### Work request
A word-for-word copy of the data is what's wanted; pictures stay out of it.

Top of Dataset records

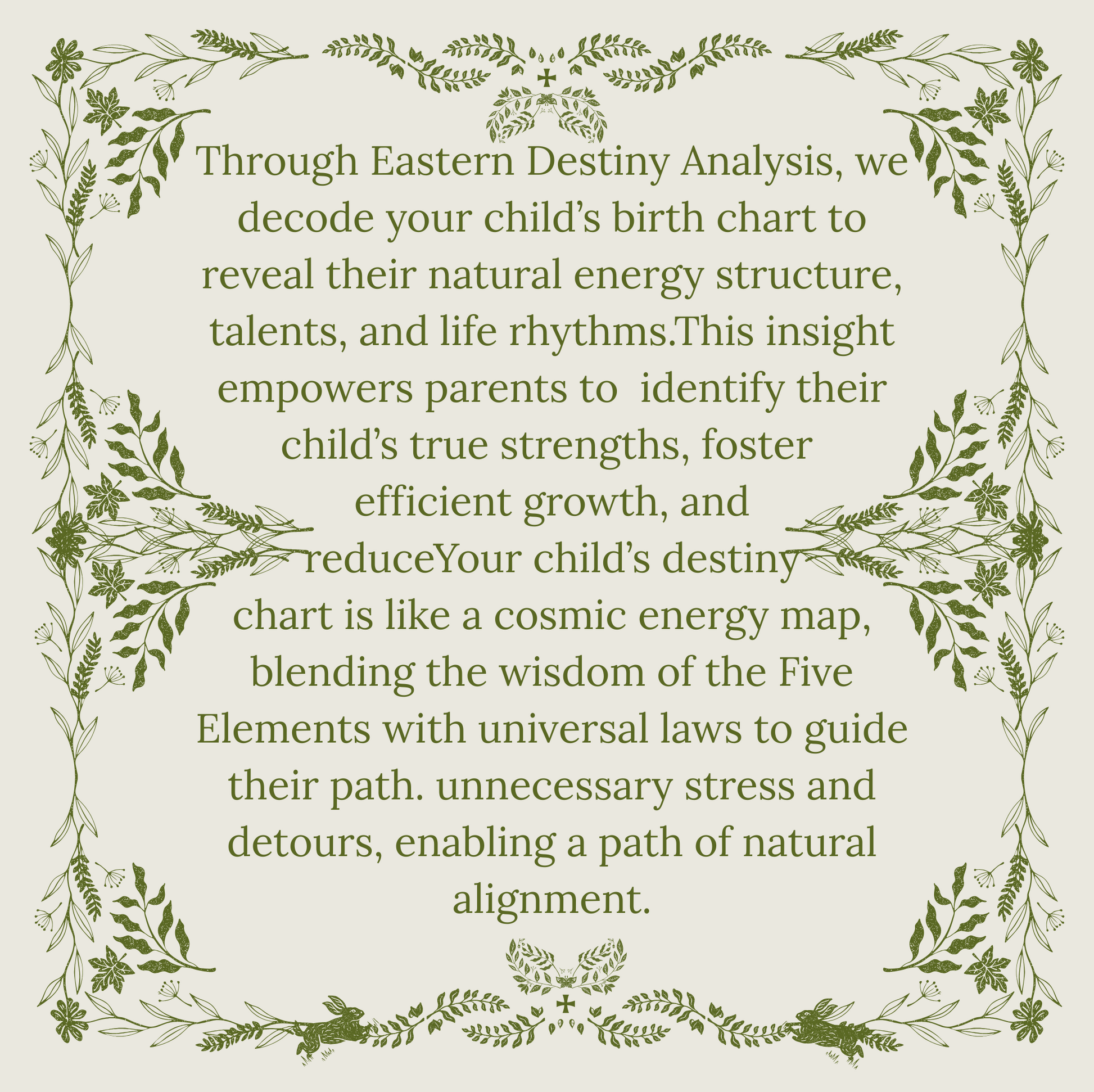 At the exact moment of birth, every child carries a unique energy blueprint that reflects their natural strengths, personality traits, and life path. This blueprint is formed by the interplay of the Five Elements (Wood, Fire, Earth, Metal, Water) and cosmic energy, creating a map that is truly one of a kind.
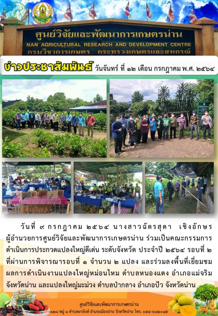 กลุ่มบริหารงานทั่วไปข่าวประชาสัมพันธ์ นางสาวฉัตรสุดา เชิงอักษร ผู้อำนวยการศูนย์วิจัยและพัฒนาการเกษตรน่าน ร่วมเป็นคณะกรรมการ ดำเนินการประกวดแปลงใหญ่ดีเด่น ระดับจังหวัด ประจำปี 2564 รอบที่ 2 ที่ผ่านการพิจารณารอบที่ 1 จำนวน 2 แปลง 12 กรกฎาคม 2564 adminnan
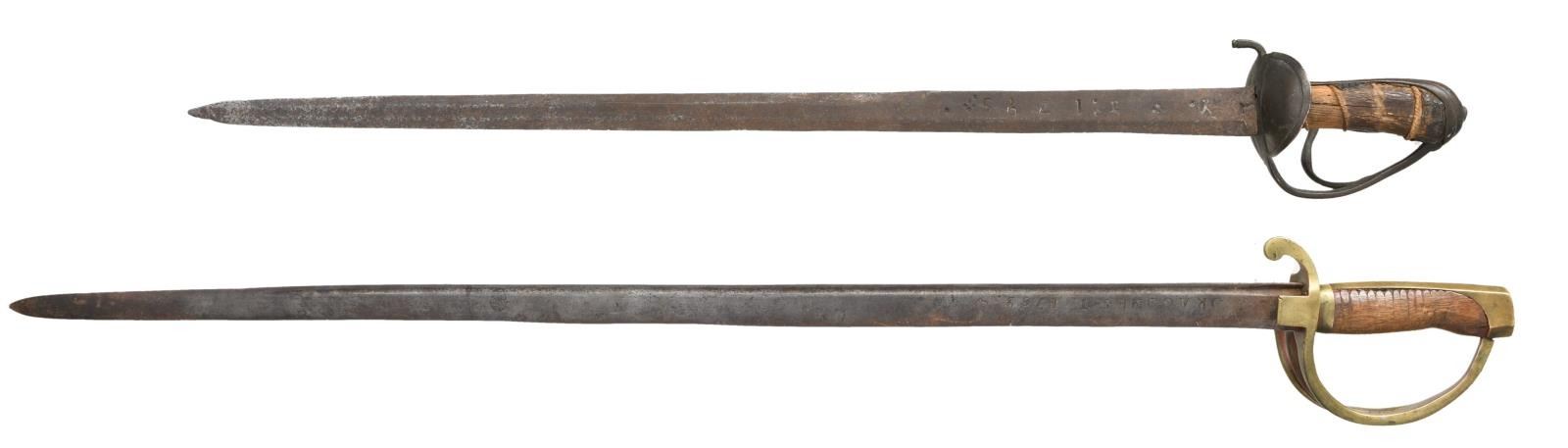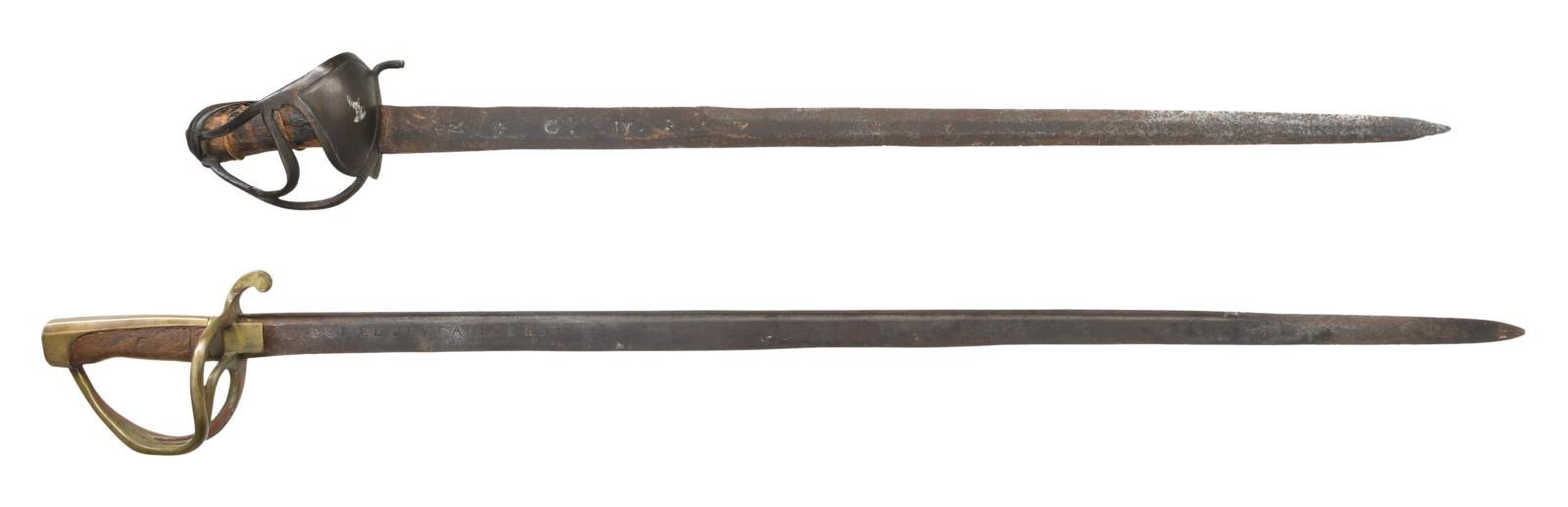 1) Overall length: 38 1/2". Blade length: 33 1/4". Blade has a single narrow fuller near the spine and is deeply stamped "POP EL REY CARLOS III." on one side and "DRAGONES. T. 1769" on the other. Heavy brass hilt with 2 branch guard, drop quillon and square languets. Plain modified octagonal pommel with a 3 sided backstrap. Plain wood grip with worn evidence of horizontal ribbing. No scabbard. It is quite likely this is an earlier blade rehilted in the early 19th century. CONDITION: blade has a dark patina. Hilt is quite solid & undamaged with some evidence of verdigris & red paint. Grip is heavily worn but likely original. 2) Overall length: 33 1/4". Blade length: 27 1/2". Blade does not have a fuller but seems to have a 19" false edge on the spine. The blade is stamped "Y. Io. 1795(dots)" on one side, and "C (3 dots) IV (dots) (crowned) R" on the other. Brass semi-basket guard with a bird's head type pommel and plain backstrap. The grip is leather wrapped wood with 4 strands of cord. No scabbard. CONDITION: blade has a dark, pitted patina. Hilt shows some damage with a heavy patina. Only traces of leather and some of the cord remains on the grip. PROVENANCE: From the Collection of James B. Taylor. (02-19884/BF). $700-1,100.
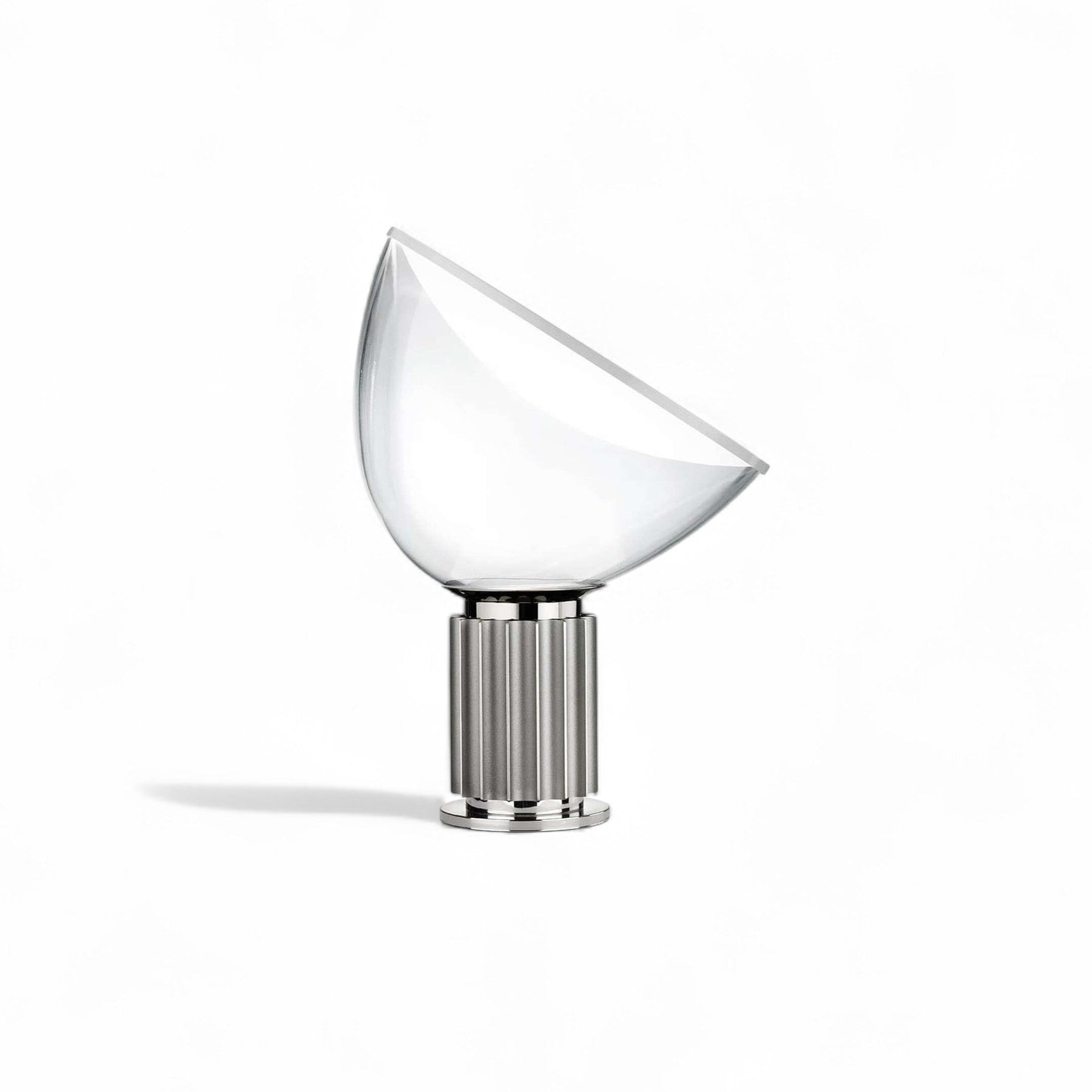 Designed by Achille & Pier Giacomo Castiglioni for Flos, the Taccia Small table lamp is a refined expression of functional elegance. Its distinctive design features a directional body in white painted aluminum that supports a blown clear glass diffuser, producing indirect and reflected light.
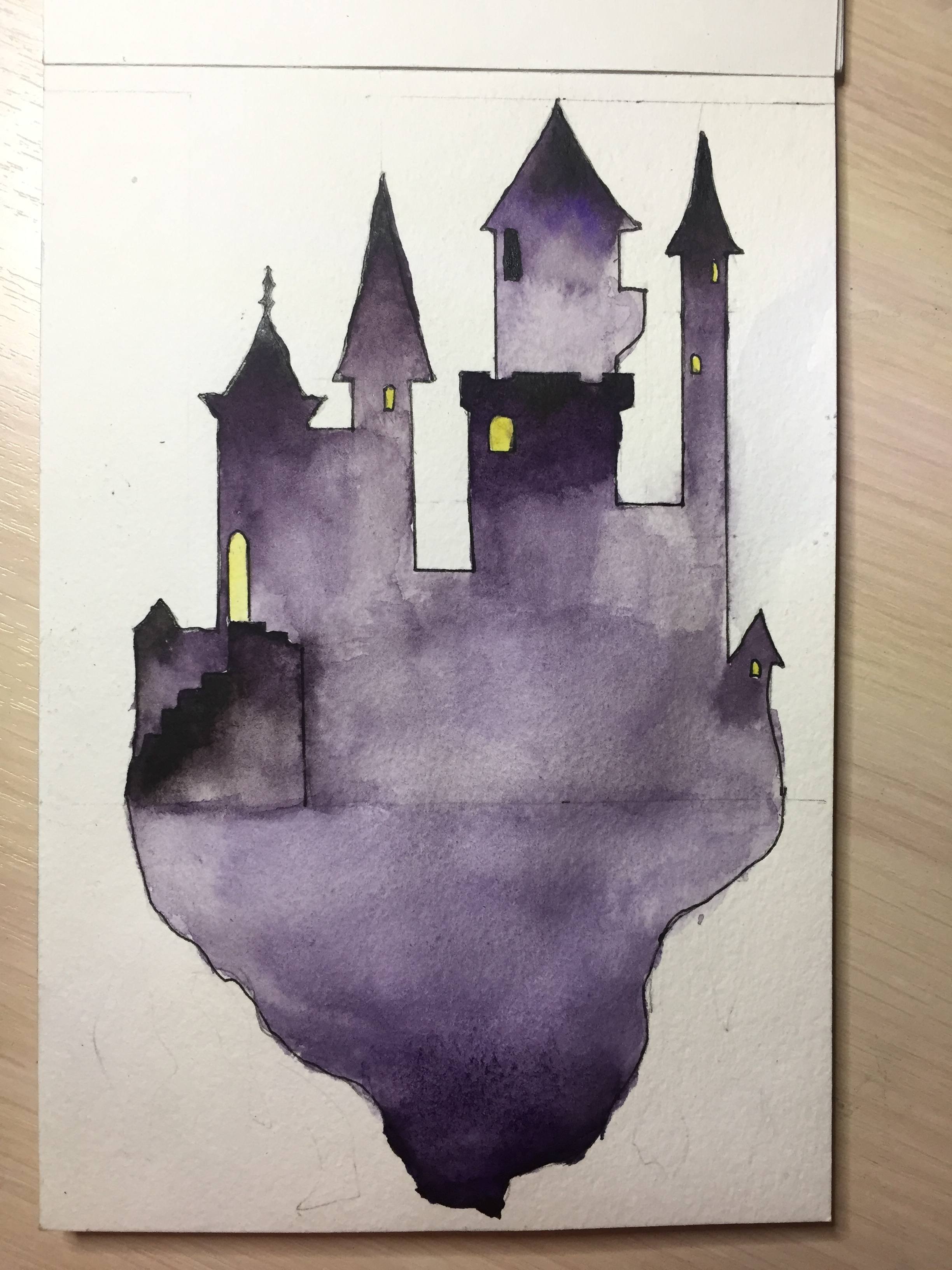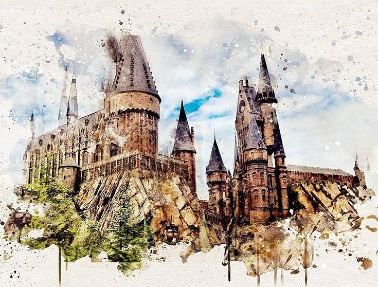 ![Замок Гарри Поттера акварель]()

Bottom of Dataset records

### Expected answer
 At the exact moment of birth, every child carries a unique energy blueprint that reflects their natural strengths, personality traits, and life path. This blueprint is formed by the interplay of the Five Elements (Wood, Fire, Earth, Metal, Water) and cosmic energy, creating a map that is truly one of a kind.
 กลุ่มบริหารงานทั่วไปข่าวประชาสัมพันธ์ นางสาวฉัตรสุดา เชิงอักษร ผู้อำนวยการศูนย์วิจัยและพัฒนาการเกษตรน่าน ร่วมเป็นคณะกรรมการ ดำเนินการประกวดแปลงใหญ่ดีเด่น ระดับจังหวัด ประจำปี 2564 รอบที่ 2 ที่ผ่านการพิจารณารอบที่ 1 จำนวน 2 แปลง 12 กรกฎาคม 2564 adminnan
 1) Overall length: 38 1/2". Blade length: 33 1/4". Blade has a single narrow fuller near the spine and is deeply stamped "POP EL REY CARLOS III." on one side and "DRAGONES. T. 1769" on the other. Heavy brass hilt with 2 branch guard, drop quillon and square languets. Plain modified octagonal pommel with a 3 sided backstrap. Plain wood grip with worn evidence of horizontal ribbing. No scabbard. It is quite likely this is an earlier blade rehilted in the early 19th century. CONDITION: blade has a dark patina. Hilt is quite solid & undamaged with some evidence of verdigris & red paint. Grip is heavily worn but likely original. 2) Overall length: 33 1/4". Blade length: 27 1/2". Blade does not have a fuller but seems to have a 19" false edge on the spine. The blade is stamped "Y. Io. 1795(dots)" on one side, and "C (3 dots) IV (dots) (crowned) R" on the other. Brass semi-basket guard with a bird's head type pommel and plain backstrap. The grip is leather wrapped wood with 4 strands of cord. No scabbard. CONDITION: blade has a dark, pitted patina. Hilt shows some damage with a heavy patina. Only traces of leather and some of the cord remains on the grip. PROVENANCE: From the Collection of James B. Taylor. (02-19884/BF). $700-1,100.
 Designed by Achille & Pier Giacomo Castiglioni for Flos, the Taccia Small table lamp is a refined expression of functional elegance. Its distinctive design features a directional body in white painted aluminum that supports a blown clear glass diffuser, producing indirect and reflected light.
 ![Замок Гарри Поттера акварель]()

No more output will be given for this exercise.